If you care about diffraction blur relative to the size of the object being imaged, then physical aperture is all that matters. [This] quantity might loosely be called angular resolution. If I take a picture of a distant tree, and I want diffraction to be small, compared to the size of a leaf on that tree in the final print, then I care about angular resolution.
Agreed to this point: the "physical aperture"* (a.k.a. entrance pupil size, a.k.a. effective aperture diameter) effects the "angular smearing" of the light.

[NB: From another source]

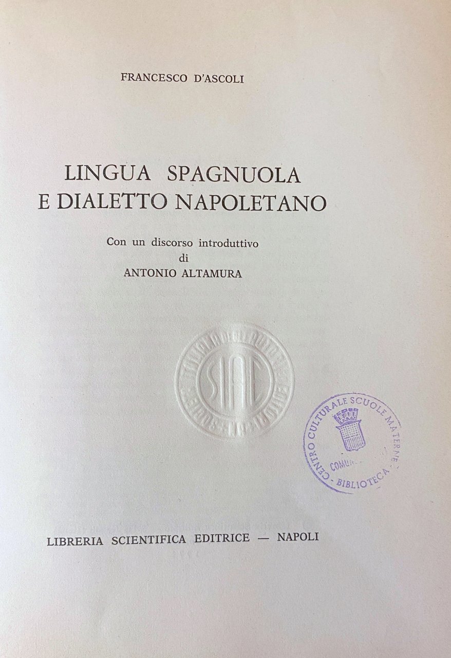 LINGUA SPAGNUOLA E DIALETTO NAPOLETANO. CON UN DISCORSO INTRODUTTIVO DI ANTONIO ALTAMURA

The next question is how DOF comes out, particularly in this special case of macro photography. I know that at normal distances, the circle of confusion size relative to image size also depends on the effective aperture diameter when subject distance is equal, but in addition it varies inversely with the [square of the] subject distance, though these rules vary at very close range. If I have remembered that right, then using a longer focal length at equal effective aperture size and also using a greater subject distance to cover the same field of view will give equal "angular" diffraction effects but also more DOF, which sounds like an advantage for macro photography. (This is to be balanced against the need for a longer exposure time and/or a higher exposure index.)
* Aside. AFAIK (please correct me if I am mis-rembering any part of this!) it is not quite the actual physical diameter of the aperture opening that counts, since its position along the optical path also matters: the same sized physical opening closer to the focal plane produce the same angular smearing leaving the aperture but therefore less smearing at the focal plane. This also corresponds to a larger effective aperture diameter and so a lower aperture ratio.
aperture ratio = (distance from aperture to focal plane)/(diameter of the aperture opening)
effective aperture diameter = entrance pupil diameter = (focal length)/(aperture ratio)
with some possible corrections in the macro regime due to the focal length shift in that situation.
The various measure of aperture size agree for the simplistic case of an objective [so-called "lens"] with a single lens [so-called "lens element"] with the aperture size being the diameter of the allowable light path through that lens itself.